A light spring of length 20 cm and force constant 2 kg
is placed vertically on a table. A small block of
mass 1 kg falls on it. The length h from the surface of
the table at which the ball will have the maximum
velocity is -
(1) 20 cm
(2) 15 cm
(3) 10 cm
(4) 5 cm
Answers
The length h from the surface of the table at which the ball will have the maximum velocity is option (2): 15 cm.
Explanation:
Given data:
The length of the light spring, l = 20 cm
Force constant, k = 2 kg/cm
The mass of the small block, m = 1 kg
To find:
The length “h” from the surface of the table when velocity is maximum
Solution:
Let the spring be compressed by a distance of “x” at a certain moment(as shown in the figure attached below).
Therefore, by using the law of conservation of energy at this moment, we can write
mg (h+x) = ½ mv² + ½ kx²
⇒ ½ mv² = mg (h+x) – ½ kx² …. (i)
[The velocity of the block will be maximum when the kinetic energy is maximum.

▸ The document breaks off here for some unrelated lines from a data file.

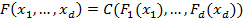 Als Ausgangssituation stellen wir uns d Risiken vor, die jeweils als Zufallsvariable modelliert werden. Nehmen wir an, wir kennen für jedes Risiko die univariate Verteilungsfunktion und bezeichnen diese mit . Dieses Wissen allein reicht uns aber keinesfalls aus, um die gemeinsame Verteilungsfunktion zu bestimmen, da uns noch alle Informationen um die Abhängigkeit zwischen den Einzelgrößen fehlen. Wichtige Struktur liefert hierfür der Satz von Sklar. Dieser besagt, dass jede multivariate Verteilungsfunktion F in eine Copula C (eine Funktion, die selbst eine Verteilungsfunktion auf dem d-dimensionalen Einheitskubus mit uniformen Rändern ist) sowie die Randverteilungen aufgespalten werden kann. Die Randverteilungen werden dabei als Argumente in die Copula eingesetzt und man erhält so die gemeinsame Verteilung, das heißt . Dies ist in vielen Situationen sehr angenehm, da es die oft sehr komplizierte Untersuchung der gemeinsamen Verteilungsfunktion separiert in eine Untersuchung der Randverteilungen einerseits und der Copula andererseits; in letzterer sind alle Informationen über die Abhängigkeit kodiert. Umgekehrt lässt sich aus beliebigen Randverteilungen und einer beliebigen Copula stets eine (mathematisch korrekte) multivariate Verteilungsfunktion konstruieren. Dieser Zusammenhang ist sehr beliebt in der Modellbildung und daher weit verbreitet, da er ein einfaches Bauprinzip zur Verknüpfung von Einzelrisiken darstellt. Auch lässt sich mittels dieses Bauprinzips leicht eine multivariate Verteilung simulieren. Dazu muss lediglich eine Stichprobe gemäß der Copula simuliert werden und diese dann mit Hilfe der univariaten Quantilsfunktionen umtransformiert werden. Leider weniger bekannt ist die Tatsache, dass wenn die Copula unpassend zum entsprechenden Problem (und den typischerweise vorab spezifizierten Randverteilungen) ausgesucht wird, zwar eine mathematisch korrekte gemeinsame Verteilung spezifiziert wird, diese aber keinesfalls ökonomisch sinnvoll oder problemadäquat sein muss. Oft werden schlichtweg die bekanntesten Copulas (Gauß-Copula, Archimedische Copulas, …) herangezogen, ohne deren Eigenschaften und Auswirkungen für das aktuelle Problem genau zu hinterfragen.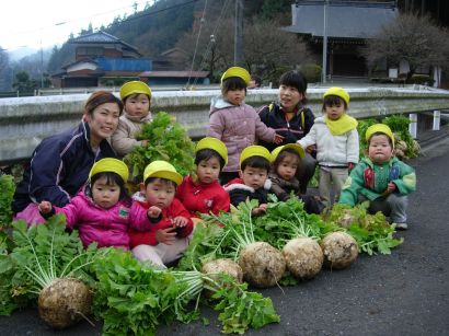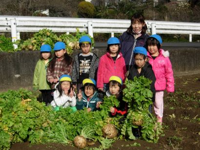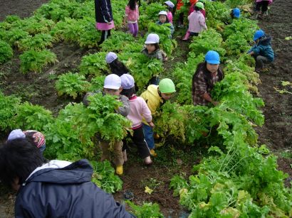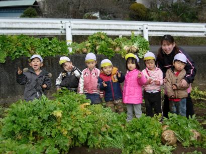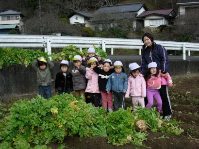 子どもたちの頭より、大きな大根です。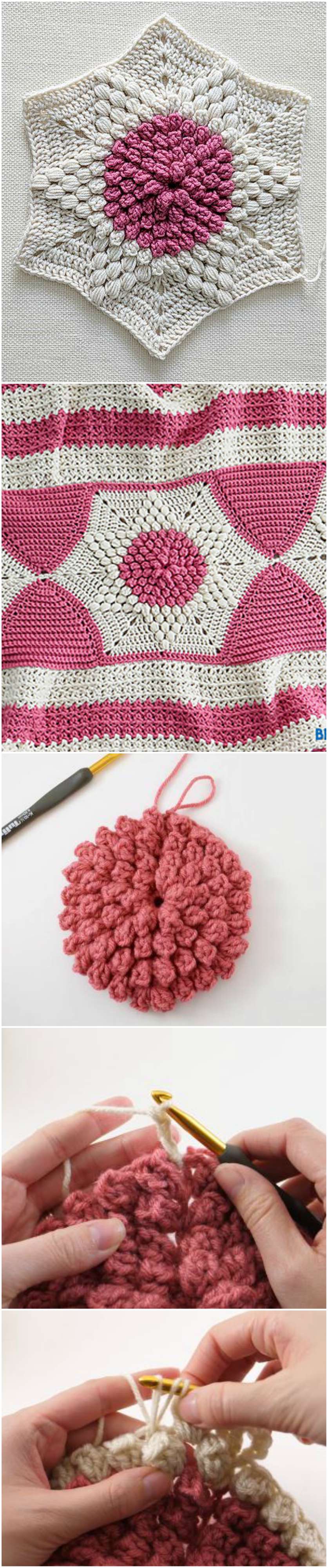 Crochet Puff Stitch Hexagon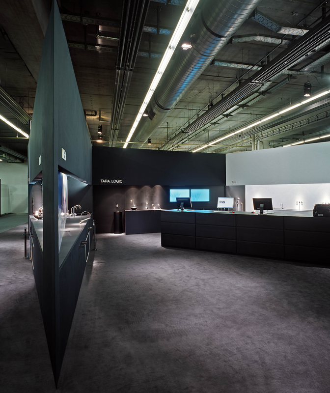 Das Hauptaugenmerk des Stands lag auf dem Pavillon, in dem das neue Produktprogramm Elemental Spa in Form einer Ritual-Architektur wie auf einer Bühne präsentiert wurde. Fließendes Wasser und außergewöhnliche Materialien wie Cortenstahl, Marmor und Kupfer schufen eine eigene Welt innerhalb des Gesamtkonzepts. Ein in Holz ausgestattetes Kulturcafé präsentierte die Dokumentationen der Dornbracht Culture Projects und bot einen in sich geschlossenen Ruhepol innerhalb des hektischen Messegeschehens.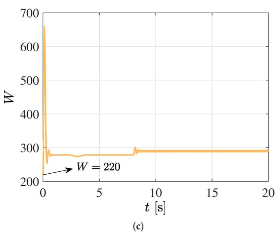 On the other hand, in Figure 13 and Figure 14 can be appreciated a deficient performance of the closed-loop system when using fixed value of the control parameter as . In fact, when considering a variation of the control gain as and a fixed value of , the system response is unstable. Moreover, as indicated in the figures, for the purposes of highlighting the improved system performance using the neural neural network tracking control, the initial value of the W parameter matches the fixed cases, where for both case studies, it can be seen the system is able to recovering from an initial faulty operational condition when the W control parameter is on-line computing by the B-spline neural network-based adaptive framework.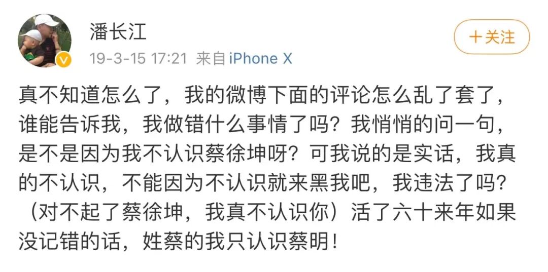 2019年,潘长江在《王牌对王牌》的猜人环节不认识蔡徐坤。

Also, the velocity keeps on increasing as long its acceleration is increasing]
∴ d[1/2 mv²]/dx = mg – kx = 0
⇒ mg – kx = 0
⇒ x = mg/k …. (i)
Now, to get the height “h” from the surface of the table at which the velocity is maximum, we need to subtract the distance of compression in the spring from the length of the spring, so,
h = l – mg/k ……. [from (i)]
⇒ h = 20 – [1 * 9.8 / 2] ...... [taking g = 9.8 m/s²]
⇒ h = 20 – 4.9
⇒ h = 15.1 cm ≈ 15 cm
Hope this is helpful!!!!